Population-level Effect Estimation
In this module you will be able to gain deeper insights into population-level effect estimation. We cover one specific type of population-level effect estimation method for generating clinical evidence: comparative cohort studies. The course presents a framework for formulating comparative effect research questions and discusses what makes good and bad questions. It furthermore describes how the OHDSI tools can be used to design and execute a comparative effect study using the OHDSI software tools. This includes the use of propensity scores to adjust for confounding, varying times at risk, and different types of outcome models, such as Cox or logistic regressions. An existing published study is analyzed to demonstrate the applicability of the framework. Evaluation of a study, based on study diagnostics, as well as negative controls and empirical calibration, are discussed at length.
Patient-Level Prediction
In this module you will gain deeper insights into patient prediction modelling using OHDSI tools, in particular ATLAS, and focusing on:
- Defining prediction questions
- Identifying useful prediction questions of most relevance to prediction modelling
- Developing prediction models
- Evaluating prediction models
- Presenting prediction models
This course was originally delivered in a group setting but has been adapted for individual study. The aim of the Patient-level Prediction work in OHDSI is to standardize the prediction process to do large-scale predictions to allow to investigate, among other things, best practices and decision choices when doing model development. The standardized data format is possible thanks to OMOP CDM.
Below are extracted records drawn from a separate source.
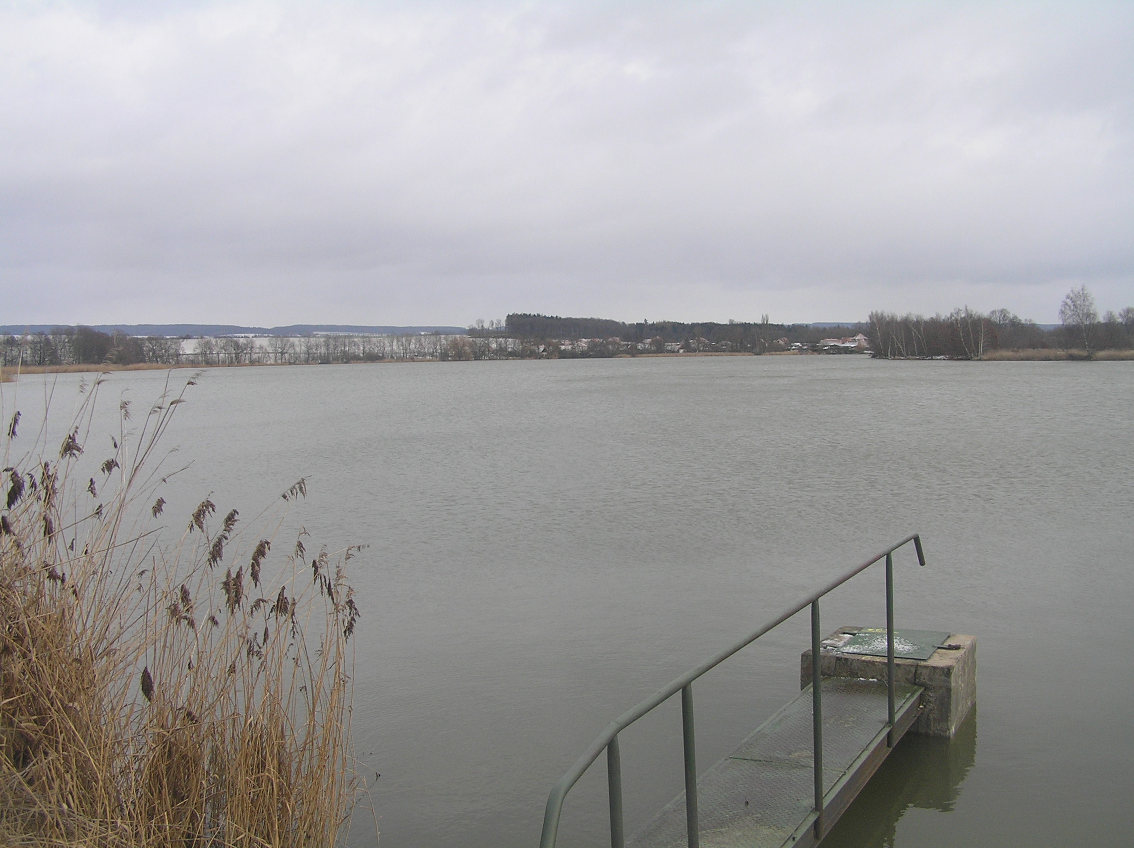 Velký netřebský rybník is the pond near the village Netřeby, Pardubice Region, Czech Republic
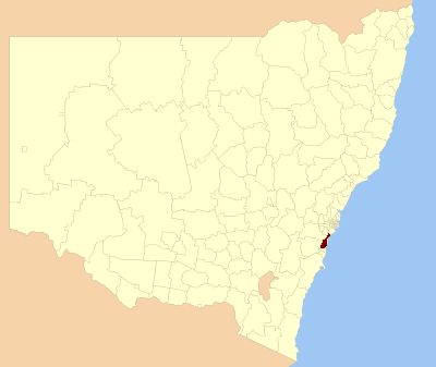 Location of Wollongong LGA in New South Wales
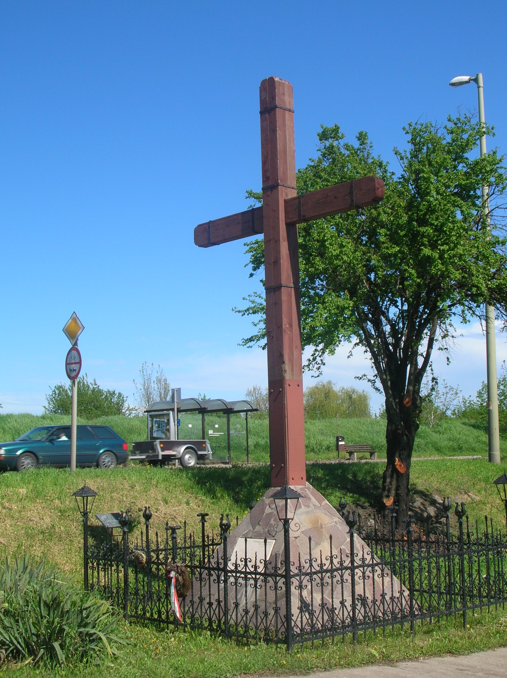 Memorial of the Battle of Szőreg
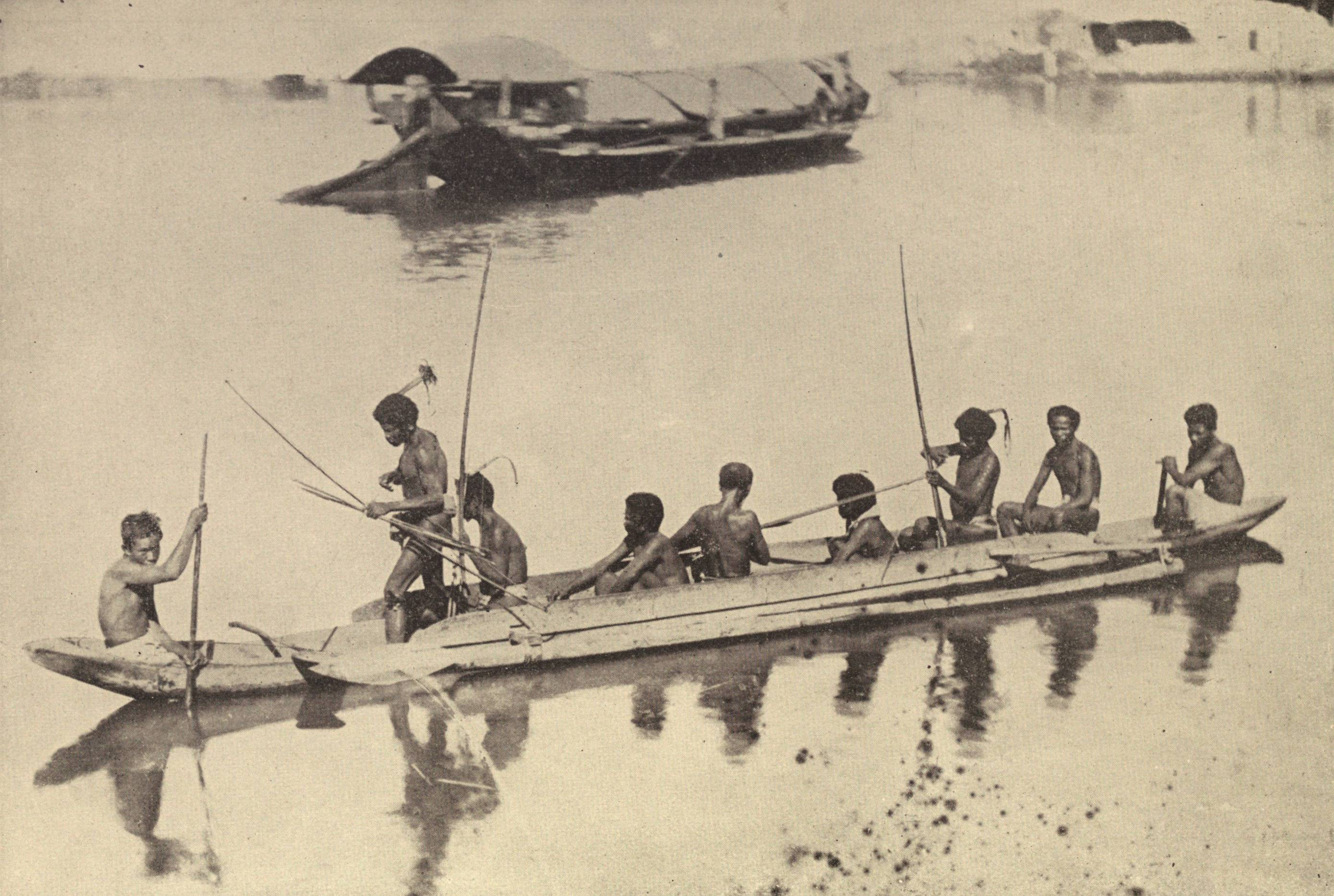 Original caption (cropped out): Native boats and outriggers Description: (cropped out): Boats of the upper type were used to land the U.S. troops at Manila. One of those in which the Astor Battery landed sank in the surf just before reaching shore. The natives carried the men ashore on their shoulders. The lower boat is a fisherman’s craft used by the Negritos, who shoot fish in the clear water with bows and arrows.
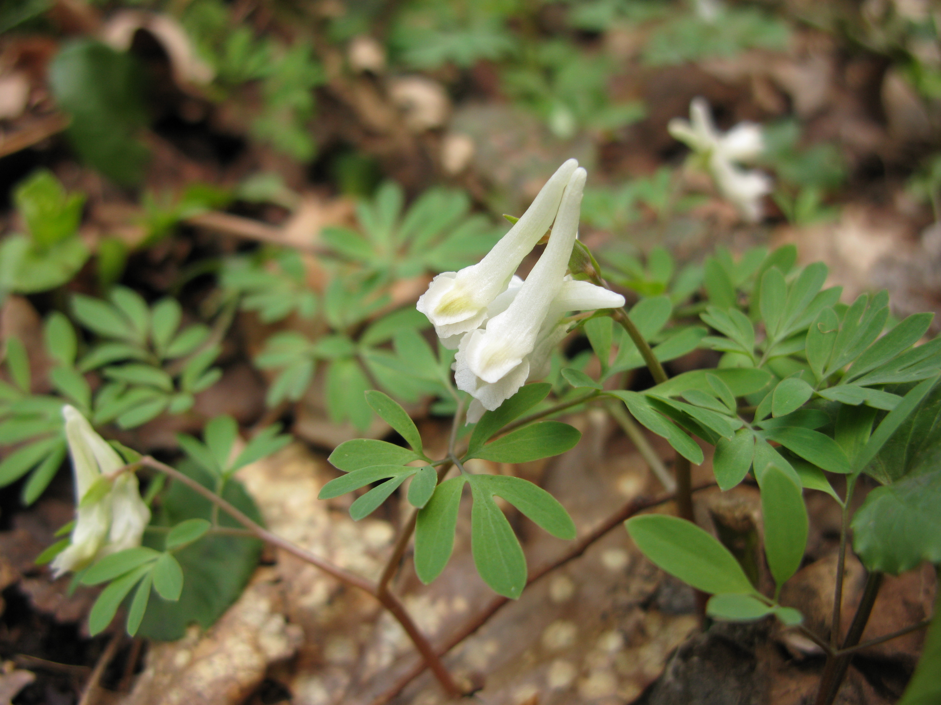 Corydalis fukuharae, Aizu area, Fukushima pref., Japan
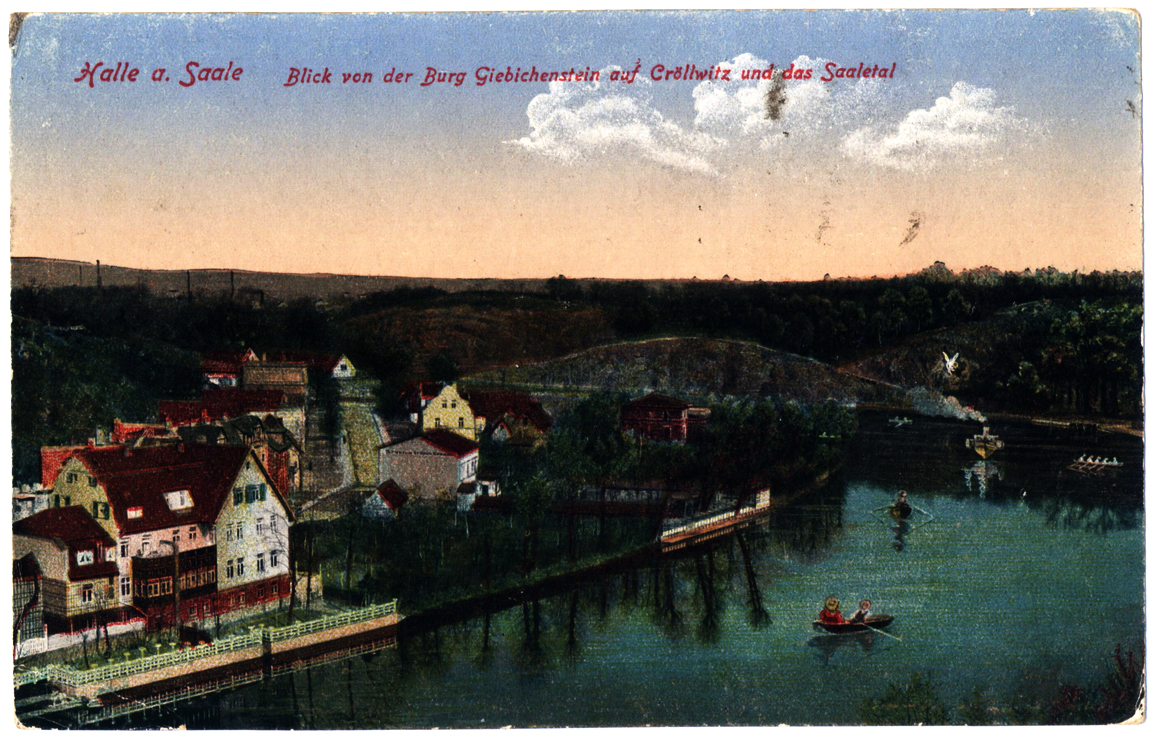 Postcard of Halle (Saale)
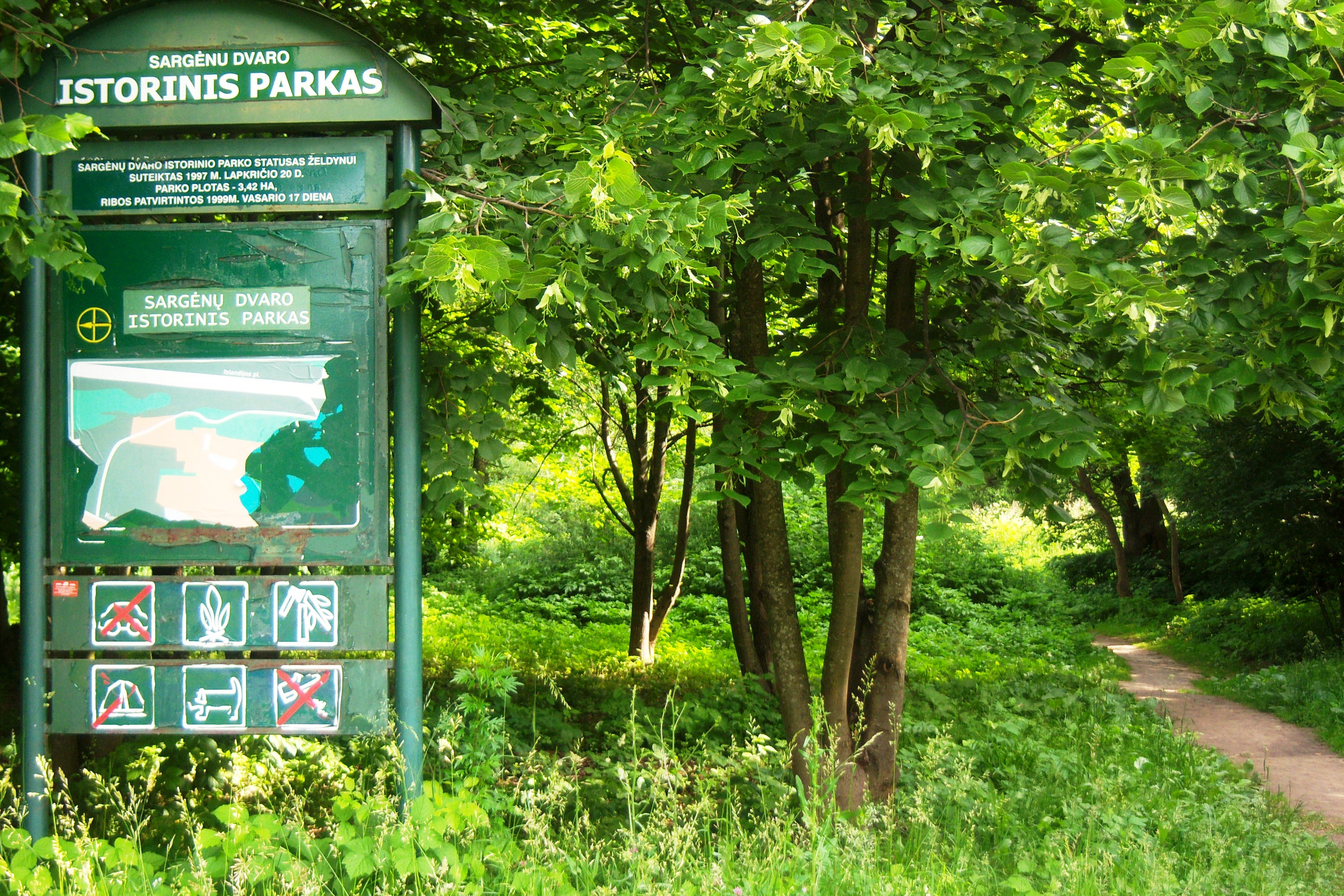 Path to the former Sargėnai manor , Kaunas. Lithuania
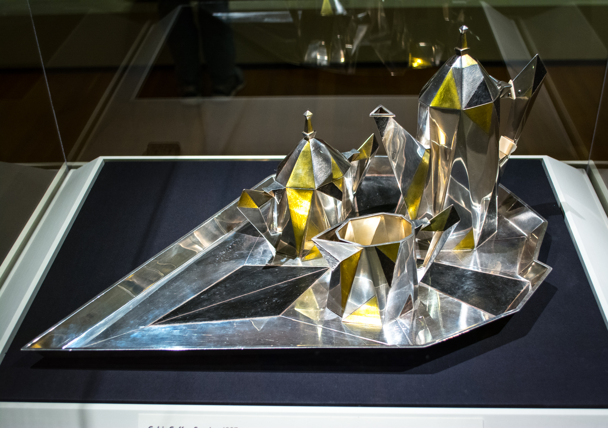 Cubic coffee service - Erik Magnussen
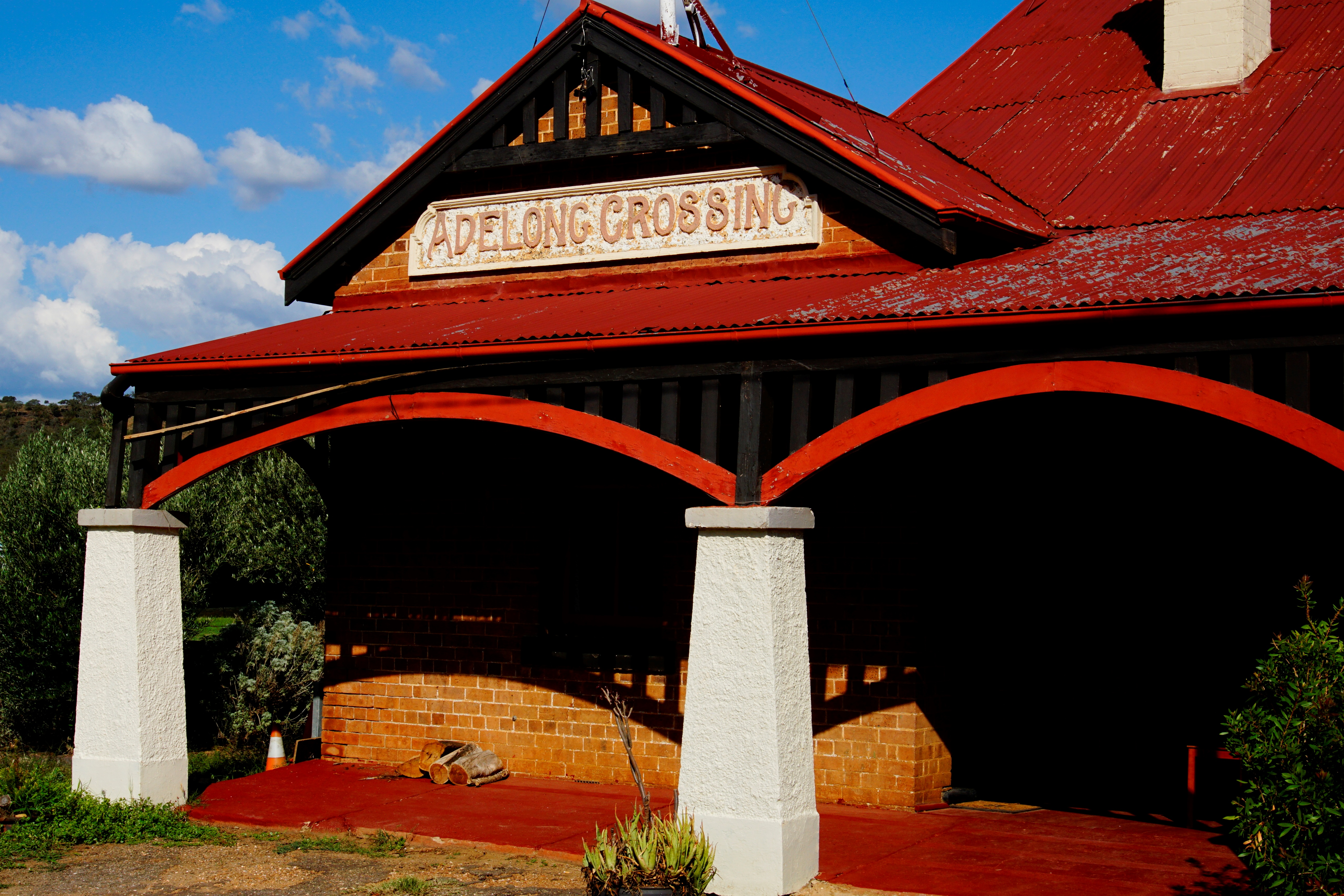 Part of a large roadside hotel with wide verandah. Sign carries earlier name of townshiL Adelong Crossing.
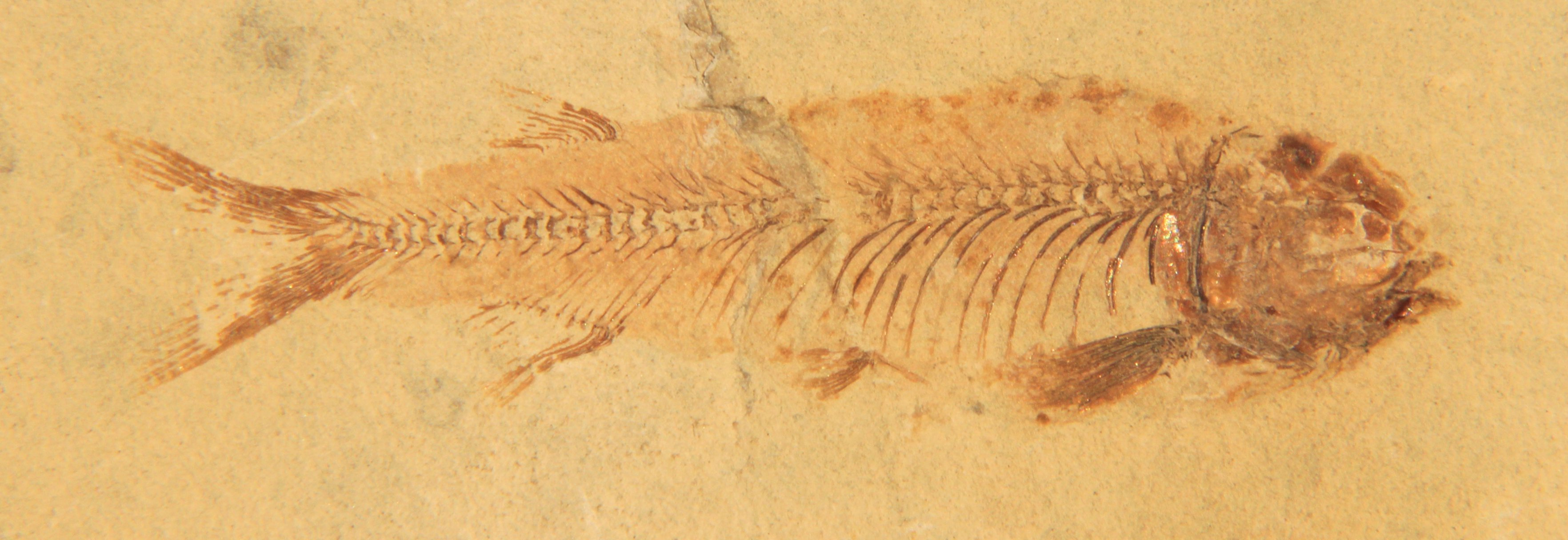 Extinct ray-finned fish Lycoptera muroi, Class Actinopterygii, Superorder Osteoglossomorpha, Family Lycopteridae, 53mm along the axis, collected near Jehol, Liaoning, China, from the Lower Cretaceous

R for Patient-Level Prediction
The primary goals of the R for Patient-Level Prediction course are to explain how to install and set up the PLP Package. To develop a prediction model using R and to develop and edit a Prediction Study Package using the ATLAS interface. You will learn to create an R Package to externally validate models, to add Study Packages to “OHDSI-Studies” GitHub repo and to contribute to the PLP Package (add new classifiers or enhancements to the Package).